The Race to Give Every Child a Toy
Briefly

The Race to Give Every Child a Toy
"If you were an immigrant kid in New York at the turn of the twentieth century, the candy store was the center of your world. You went there to kibbitz and schmooze, to get away from the crush of tenement life and the glare of the beat cop, and, of course, to eat sweets-Tootsie Rolls and Chicken Feeds and as many chocolate pennies as a copper one could buy."
"A few days earlier, newspapers had published reports of a hunting trip that President Theodore Roosevelt took in Mississippi. Roosevelt had wanted to shoot a bear. A tracker caught one for him, bopped it on the head with his rifle, and tied it to a tree. The President was not pleased. Where was the honor in killing a subdued and wounded animal?"
"Michtom was born Moshe Charmatz, in a shtetl in what is now Belarus. To help him dodge conscription by the Russian Army, his family announced that he had died of typhoid and pretended to bury him while he sneaked out of the village to start a new life. He trained as a rabbi and, more practically, as a machinist before coming to the United States, in 1888, at the age of eighteen."

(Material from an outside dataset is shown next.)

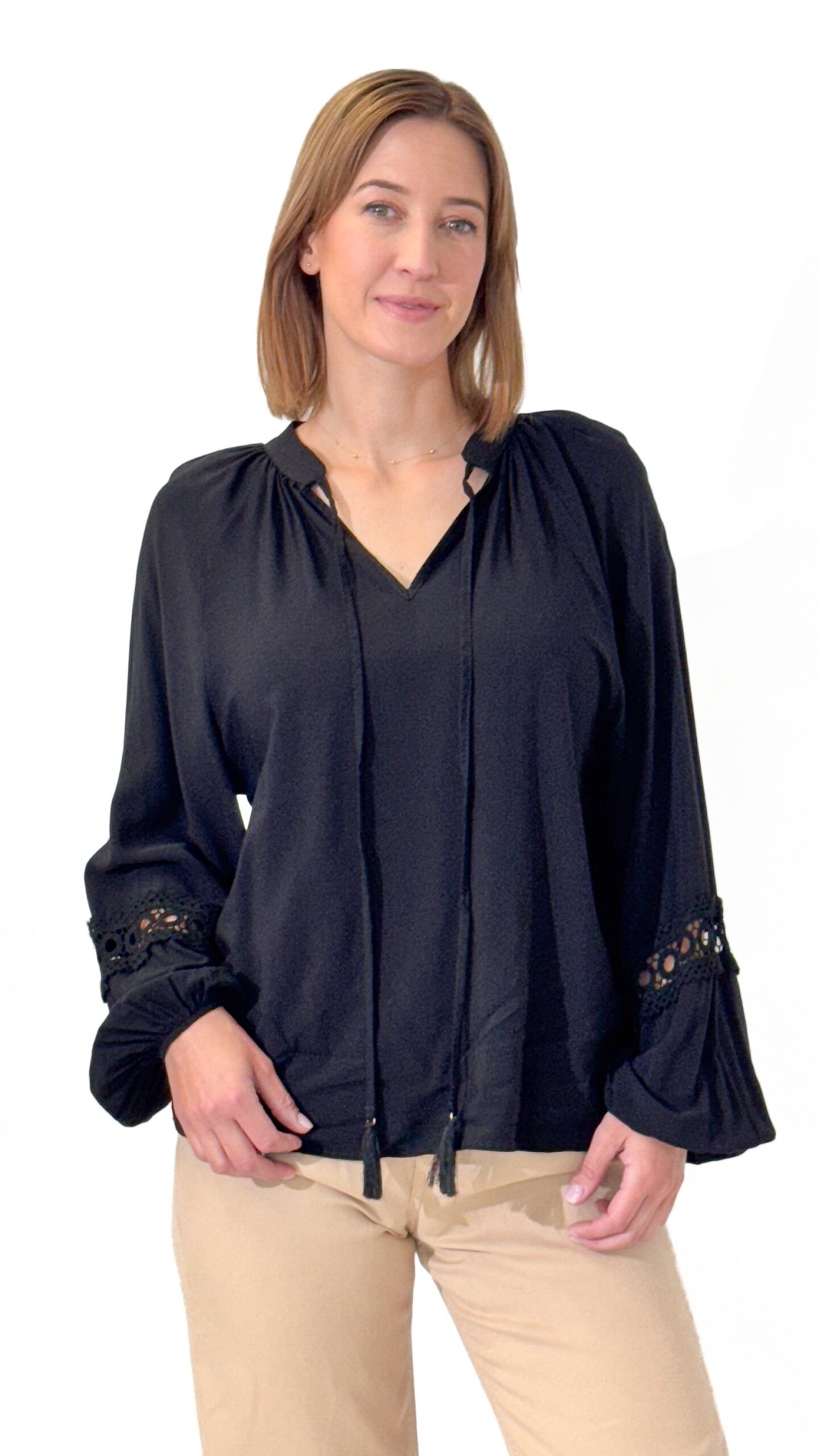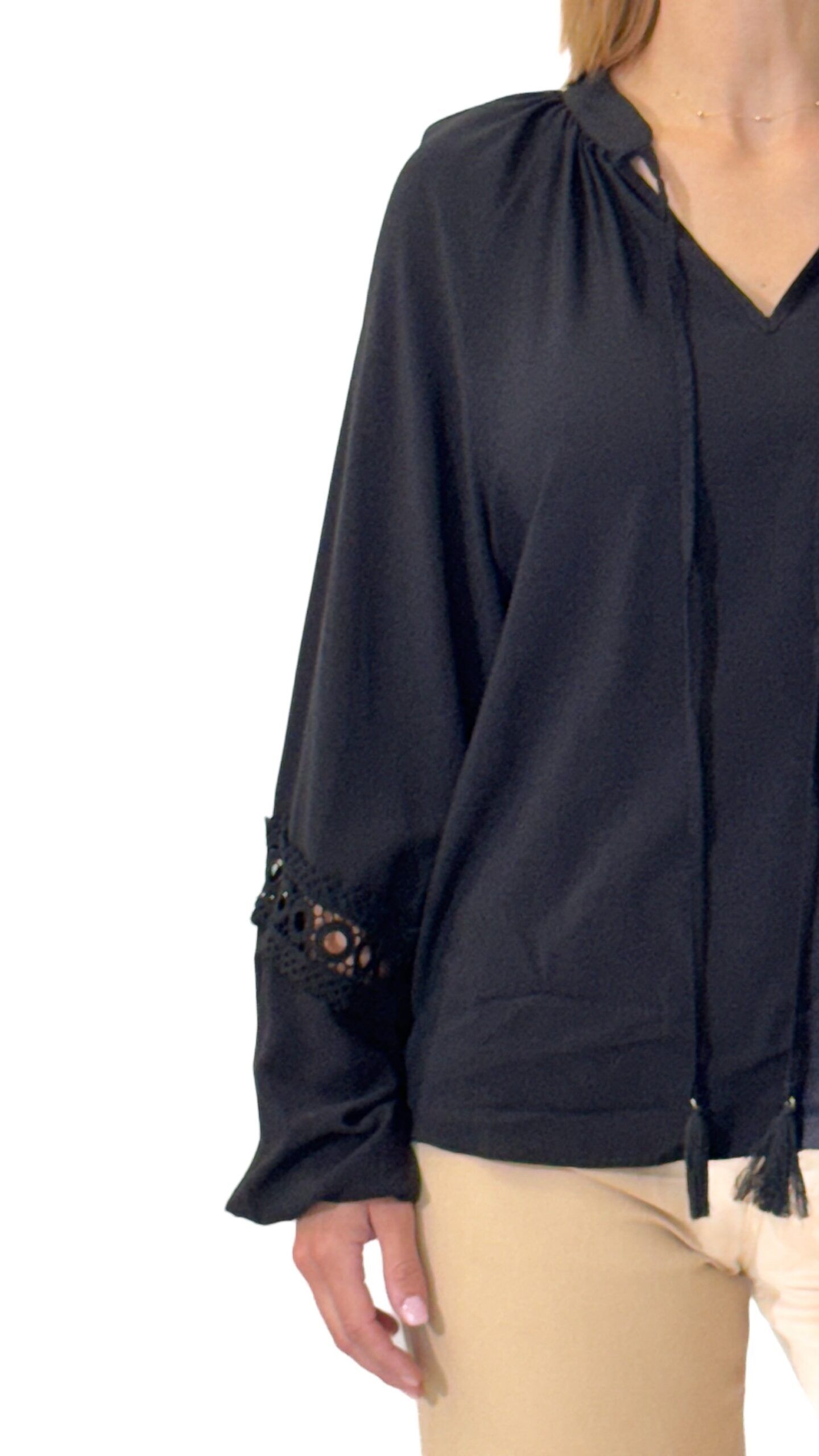 Elegancka, czarna bluzka damska z wiskozy z koronkową gipiurką, frędzelkami na sznureczkach i gumką na rękawach. Stylowa i wygodna – idealna na każdą okazję!

For most of history parents could not buy dolls or action figures, but play became commercialized and profitable. Immigrant children in early twentieth-century New York centered social life on candy stores, which offered sweets and respite from tenement conditions. In 1902 a small stuffed bear appeared in a Brooklyn candy-store window and captured public attention. Morris Michtom, an immigrant machinist who fled conscription in Belarus, created the toy after seeing reports of President Theodore Roosevelt sparing a captured bear. The presidential act and its cartooned depiction inspired the toy’s name and appeal, linking politics, immigrant entrepreneurship, and mass play.